We will use a publicly available dataset consisting of 10 microscopy samples of rat spinal cord.

To download the dataset (~11MB), run the following command in your terminal:

# Download data
ivadomed_download_data -d data_axondeepseg_sem

Configuration file

In ivadomed, training is orchestrated by a configuration file. Examples of configuration files are available in the ivadomed/config/ and the documentation is available in Configuration File.

In this tutorial, we will use the configuration file: ivadomed/config/config_microscopy.json. First off, copy this configuration file in your local directory (to avoid modifying the source file):

cp <PATH_TO_IVADOMED>/ivadomed/config/config_microscopy.json .

Then, open it with a text editor. Below we will discuss some of the key parameters to perform a two-class 2D microscopy segmentation training.

  • command: Action to perform. Here, we want to train a model, so we set the fields as follows:

    "command": "train"
    
  • path_output: Folder name that will contain the output files (e.g., trained model, predictions, results).

    "path_output": "log_microscopy_sem"
    
  • loader_parameters:path_data: Location of the dataset. As discussed in Data, the dataset should conform to the BIDS standard. Modify the path so it points to the location of the downloaded dataset.

    "path_data": ["data_axondeepseg_sem"]
    
  • loader_parameters:target_suffix: Suffix of the ground truth segmentations. The ground truths are located under the data_axondeepseg_sem/derivatives/labels folder. In our case, the suffix are _seg-axon-manual and _seg-myelin-manual:

    "target_suffix": ["_seg-axon-manual", "_seg-myelin-manual"]
    
  • loader_parameters:extensions: List of file extensions of the microscopy data. In our case, both the raw data and derivatives are “.png” files.
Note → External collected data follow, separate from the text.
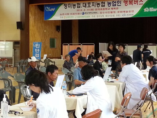 농협중앙회 충남지역본부(본부장 김병문·이하 충남농협)은 지난 14일 당진시 정미면 천평로 소재 천의초등학교 체육관에서 충남대학교병원 의료진과 봉사단 80명이 참여해 정미농협, 대호지농협 농업인 500여명을 대상으로 무료진료 및 고령농업인 장수사진촬영 등 농촌복지 종합서비스를 실시했다.
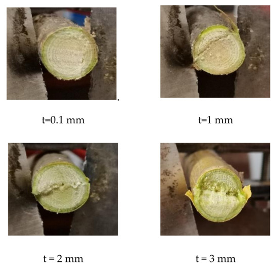 The peak cutting force tends to decrease and then increase as the cutting gap increases for a certain number of other parameters (Figure 17). When the cutting gap is less than a certain value, the branch shear zone ratio is larger, the fracture zone is smaller and the peak cutting force required is larger. When the cutting gap is greater than a certain value, the proportion of shear zone decreases, the proportion of fracture zone increases, and the required peak cutting force is relatively large. Only when the shear zone and fracture zone overlap (i.e., when the cutting gap is about 1 mm), the peak cutting force is minimal and the quality of the cut section is good, with no tearing and flat stubble. The cut sections at different cutting clearances are shown in Figure 18.
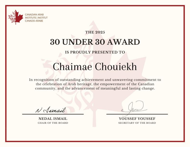 The prestigious "30 Under 30" award recognizes and honours the remarkable contributions of young individuals who embody and exemplify excellence, leadership and a deep commitment to their Arab heritage. The award showcases the achievements of Arab Canadians who have gone above and beyond in their respective fields, leaving an unforgettable mark on our community.
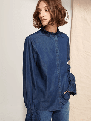 Chemise à fronces en coton bleu de Le Mont Saint-Michel
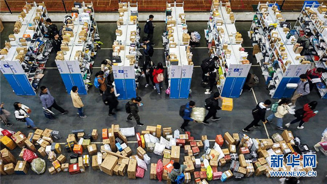 南京航空航天大學(xué)師生在校園臨時快遞取件點領(lǐng)取快遞(2018年11月13日攝)。為應(yīng)對“雙十一”大量校園快遞包裹,南京航空航天大學(xué)在原“快遞超市”的基礎(chǔ)上,將學(xué)校體育中心室內(nèi)網(wǎng)球場搭建為臨時快遞取件點,方便在校師生取件。新華社記者 李博 攝

    "extensions": [".png"]
    
  • loader_parameters:contrast_params: Contrast(s) of interest. In our case, we are training a single contrast model with contrast SEM.

    "contrast_params": {
        "training_validation": ["SEM"],
        "testing": ["SEM"],
        "balance": {}
    }
    
  • loader_parameters:slice_axis: Orientation of the 2D slice to use with the model. 2D PNG files must use default axial.

    "slice_axis": "axial"
    
  • split_dataset:split_method: Describe the metadata used to split the train/validation/test sets. Here, sample_id from the samples.tsv file will shuffle all samples, then split them between train/validation/test sets.

  • split_dataset:train_fraction: Fraction of the dataset’s sample_id in the train set. In our case 0.6.

  • split_dataset:test_fraction: Fraction of the dataset’s sample_id in the test set. In our case 0.1.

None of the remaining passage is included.